“Push to Survive” a Simple Life-Saving Skill
Jun 14, 2016 10:51AM ● Published by Briana Kelley
“Push to Survive” was taught to council members on May 3. Firefighters will teach the public this lifesaving program during five open house nights in June. Photo courtesy of ©Riverton City Communications.
Gallery: “Push to Survive” a Simple Life-Saving Skill [3 Images] Click any image to expand.
By Briana Kelley | firstname.lastname@example.org
Unified Fire Authority (UFA) is on a mission to save more lives, and it is turning to residents to do so.
The “Push to Survive” program teaches residents to call 911 and begin hands-only chest compressions until help arrives. Officers from the search and rescue department educated Riverton council members and residents on the program at the May 3 council meeting.
“This is a fantastic program,” Riverton UFA Chief Mike White said. “We have seen great results in the past few years. They’re amazing statistics.”
UFA will provide residents this free hands-only CPR training at a fire station open house in June. Fire Station 121, located at 4146 West 12600 South in Riverton, will be open from 6–7 p.m. on June 1, 7, 13, 20 and 25. Officers hope that residents will attend and learn this lifesaving skill as well as get to know the firefighters in their community.
“First and foremost, residents will learn a critical, easy-to-learn, easy-to-remember, lifesaving skill: hands-only CPR,” E.J. Hinterman said. Hinterman is a medical trained specialist with UFA who has spearheaded “Push to Survive” and other programs. “Secondly, residents can meet and visit with their local firefighters and meet the guys that are spending time away from their families so other families are safer.”
“Push to Survive” is a three-step process that officers have called the 3 C’s: Check, Call and Compressions. If an individual witnesses someone in need of medical attention, he or she should first check the person to see if they are conscious and breathing normally. If not, he or she should call 911 immediately.
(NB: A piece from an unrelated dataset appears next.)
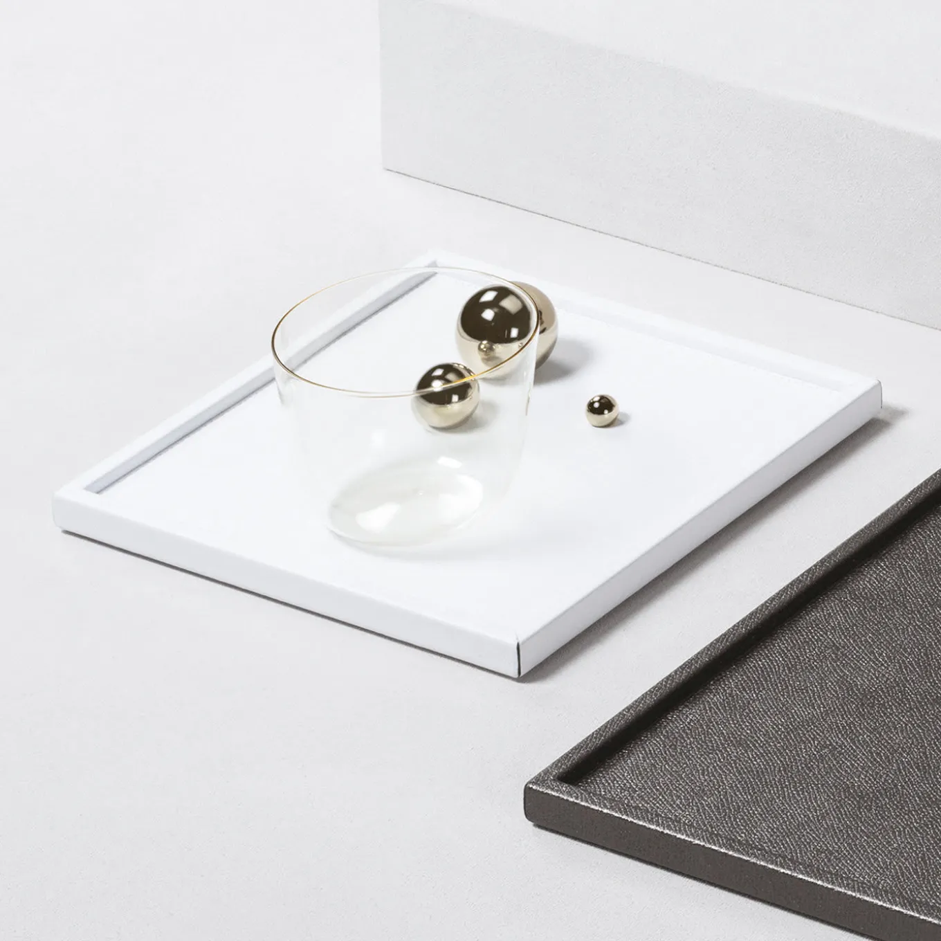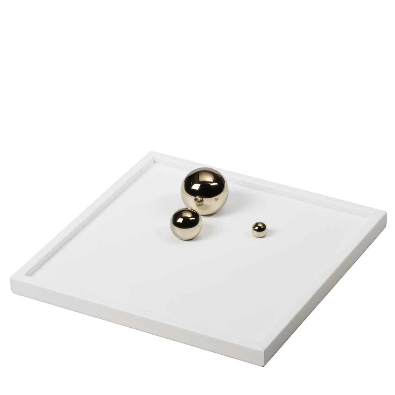 Un magnifico design contemporaneo che soddisferà qualsiasi esigenza estetica d’interni, questo vassoio è un utile complemento d’arredo funzionale da usare come vide-poche vicino all’ingresso per raccogliere chiavi e monete, o per servire bevande, o da esporre come elegante accessorio su un tavolino. Resistente ai graffi e all’acqua, ha una struttura in legno rivestita in pelle con tre sfere in resina con finitura oro lucido. La pelle è disponibile in oltre 200 colori e texture.

The average response time according to Hinterman is 6–8 minutes. Every minute diminishes survival by 10 percent if the chest is not compressed. Without bystander CPR being performed, 92 percent of cardiac arrest victims will not survive; with proper hands-only CPR and modern standards of care, 50 percent of these victims can survive and return to a normal life, according to a UFA statement.
Councilmember Brent Johnson shared an emotional personal experience on the importance of learning “Push to Survive.”
“I was 14 years old. I had just received my lifesaving merit badge,” he said. “Our family went on a vacation to California. I was minding my own business and I went out to the pool where there was a young boy in that pool. Because of the instruction I had received, I successfully revived this young boy. Every time I see this video it brings back a memory that could have been horrible for me. I was a young man on vacation, enjoying it with my family when the lifesaving instruction I received changed a young boy’s life. I don’t know what that young man became, but I know how this changed me.”
“Push to Survive” will be taught on an ongoing rotation at the station during the open house hours. Officers welcome those to stop by, spend 10 minutes learning how to save a life and get to know the firefighters. You can stop by any time during the open house and take the class. We look forward to meeting you and need your help when tragedy strikes,” the UFA statement said.
“Our city has the quickest response time of most cities in the valley,” Mayor Bill Applegarth said. Our response time is excellent. Think what we can do if all of us will take this seriously. I hope that you will make time to attend one of the five days that they are offering.” Mayor Bill Applegarth added.
Those who cannot attend or would like to re-learn these skills can watch the training at home on UFA’s website.